● **Work order**
Given the records below, pull every line with the word "Agger" into the answer.

● **Input data**
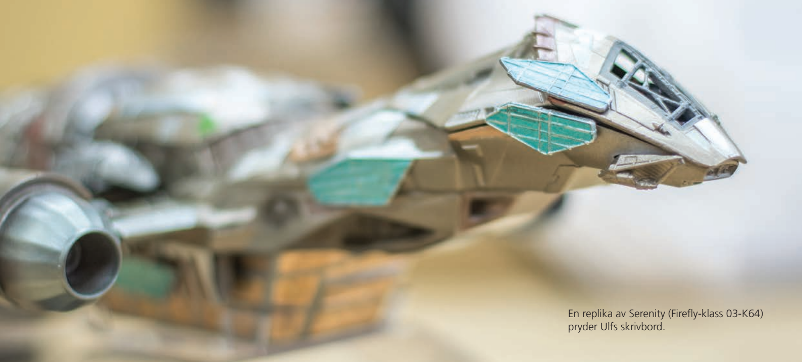
En replika av Serenity (Firefly-klass 03-K64) pryder Ulfs skrivbord.
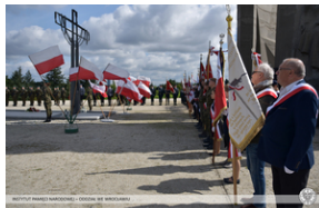
Wrocław - obchody na Cmentarzu Żołnierzy Polskich we Wrocławiu
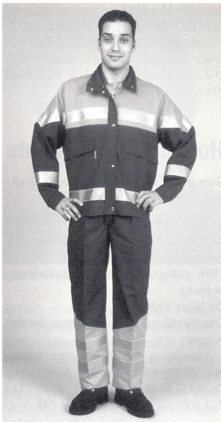
Warnbekleidung aus der High Visibility Line
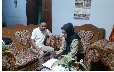
Wawancara pemilih pemula
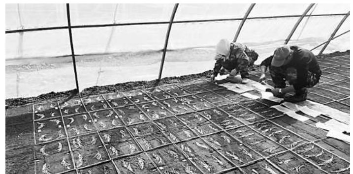
内蒙古兴安安粮优质品种科技研究所工作人员正在育种。

多年来，扎赉特旗将水稻科学育种和打造区域优质品牌作为区域创新工作的重中之重。截至目前，柳玉山带领团队育成审定水稻优良品种19个，每年在内蒙古、吉林、黑龙江三省（区）稻区推广种植面积100多万亩。每年这三省（区）稻区6000户农民总计增收达5400万元，稻米企业增加效益7700万元。
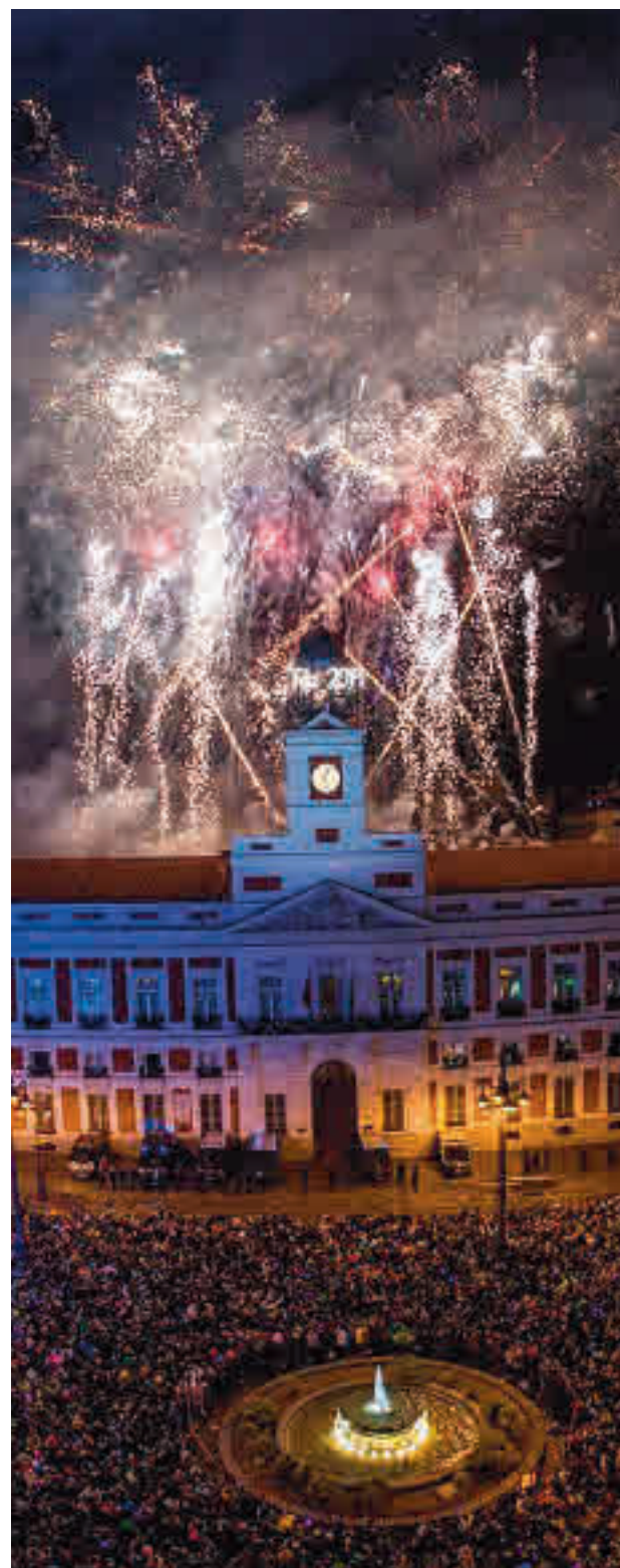
Campanadas en la Puerta del Sol

La Comunidad ha realizado un llamamiento para que los jóvenes que estudian en otras partes de España o de Europa y que vayan a regresar a la región para pasar las fiestas con sus familias restrinjan sus contactos sociales en la medida de lo posible durante los diez días anteriores a su viaje. En cuanto a los mayores que salgan de las residencias, se sugiere que se queden en un único domicilio y que solo interactúen con una única burbuja de convivencia.
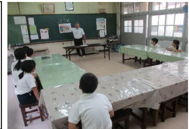
全校朝会 校長講話
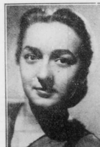
SIMONE LAMARCHE mezzo-soprano (Montréal)
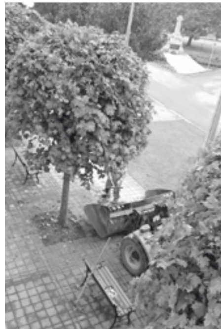
Ořez větví a tvarování korun stromů před radnicí města.

Vytrvalé deště, které nás provázely prvními dny měsíce května, komplikovaly pracovníkům služeb města průběžnou údržbu městské zeleně. Ta se díky vydatné zálivce nekontrolovatelně rozbujela, a právě kvůli dešti nebylo mnohdy vůbec možné provádět pravidelně
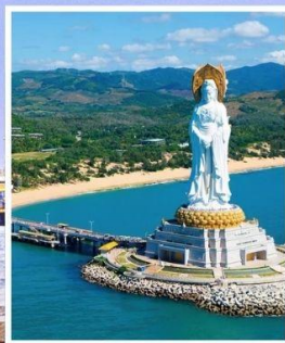
เจ้าแม่กวนอิม หนานซาน
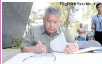
Página 6 Sección A

Promueve FGE prevención del bullying o acoso escolar en escuela secundaria de Maravatío
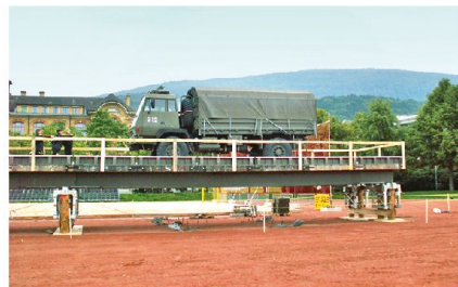
Abb.1 (oben): Rammgerät 97 auf Schwimmplattform, bereit zur Demonstration.
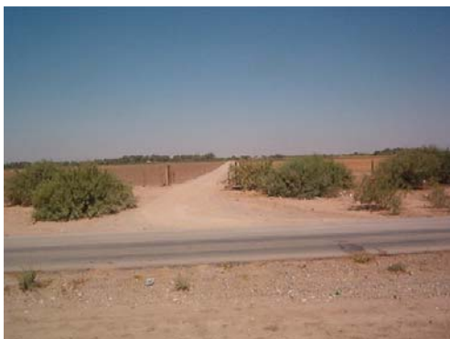
Acceso principal a la P.P. 6 de Mayo desde la carretera
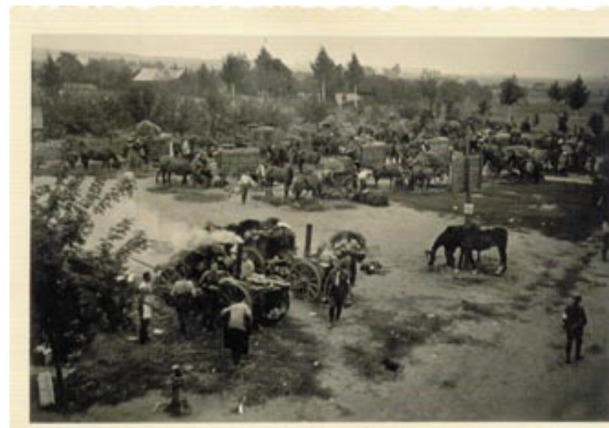
Obóz niemieckiej kolumny sanitarnej przed wkroczeniem do Serocka
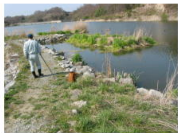
点検状況(蛇石前ダム上流)

今回の点検では、重大な危険は認められませんでした。通常の見回り等でも異常が認められた場合は、必要に応じて立入禁止措置や危険の周知に努めていきます。
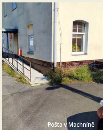
Pošta v Machníně
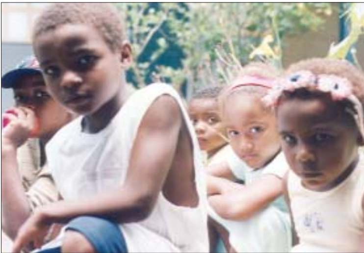
Crianças em comunidade negra rural brasileira, 2005 Children in a Brazilian rural black community, 2005

dessa própria espécie. Além disso, as relações sociais capitalistas de produção têm construído uma cultura de massa egoísta e consumista. O dilema que se apresenta é: dobramo-nos ao egoísmo e ao consumismo ou esforçamo-nos para realizar ações solidárias e de cuidado com a biodiversidade? As tradições religiosas afirmam a solidariedade com a biodiversidade como o caminho de salvação; isto nos ajuda a perceber que a própria afirmação dos direitos culturais e ambientais depende dessa noção escatológica, que responde ao nosso destino comum, e soteriológica, que responde à ação graciosa da Divindade. Daí o imperativo ético da condenação da antívida, que são o consumismo e o egoísmo.
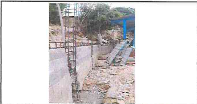
Foto 11: Colocación de estructura de varillas para la fundición de viga y columnas, en el muro de contención.
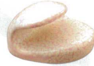
10-947-9 H-41-9 A 巻扇形箸置 桜志野 ¥700 (4×3.7×2.4)
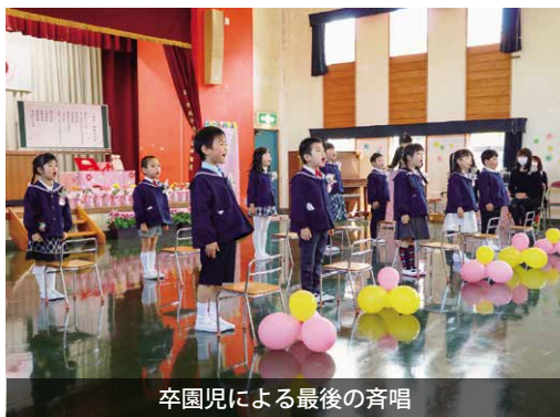
卒園児による最後の斉唱

まかべ幼稚園で、第43回卒園式と閉園式が行われました。閉園式では、5,250名の卒園生を送り出した43年間の長い歴史を振り返った式辞が述べられ、最後の卒園児による園歌が披露されました。式典の最後には、園児から「まかべ幼稚園、ありがと〜」の言葉とともに、園旗が大塚市長に返納され、出席者全員で園に別れを告げました。
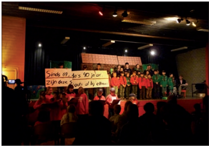
Na de boerenkoolmaaltijd ging men naar De Vierstee. Er waren bijna honderd mensen. Ze hebben kunnen zien hoe Agger Martini de afgelopen veertig jaar heeft gewerkt.

Scoutingclub Agger Martini kan nog best wat jeugdleden gebruiken, variërend in de leeftijd tussen de 5 en 18 jaar. Via de site van Agger Martini ( www.aggermartini.nl ) kan men contact met deze scoutingclub leggen.
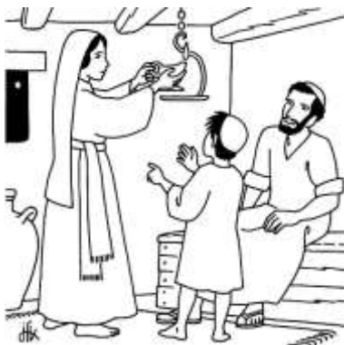
La vie à Nazareth

4 ème sens : le toucher (par les câlins des parents)
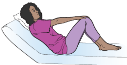
Рисунок 8. Вытягивание рук
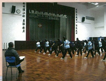
外評人員觀察學生進行課堂活動
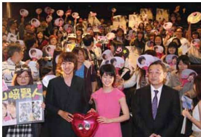
電影《鄰居·同居》在台舉辦世界首映見面會，男主角山崎賢人（前左）和女主角剛力彩芽（前中）及導演川村泰祐（前右）等人，特地出席和影迷互動

剛力彩芽等人隔天則在返日前參加電影首映會，剛力彩芽透露電影播放期間仔細觀察了台灣影迷，意外發現台灣觀眾和日本觀眾的笑點似乎不太一樣，讓她想直接問粉絲說
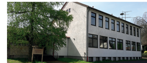
Nach Errichtung einer neuen Flüchtlingsunterkunft in der Gemeinde: Freigabe des Vereinshauses für die Siersburger Vereine und die Bürgerinnen und Bürger im Sinne der vorherigen Nutzung. Notwendige Sanierungsmaßnahmen: Fenster, Lüftungsanlage und Heizung

● **Response for this exercise**
Na de boerenkoolmaaltijd ging men naar De Vierstee. Er waren bijna honderd mensen. Ze hebben kunnen zien hoe Agger Martini de afgelopen veertig jaar heeft gewerkt.
Scoutingclub Agger Martini kan nog best wat jeugdleden gebruiken, variërend in de leeftijd tussen de 5 en 18 jaar. Via de site van Agger Martini ( www.aggermartini.nl ) kan men contact met deze scoutingclub leggen.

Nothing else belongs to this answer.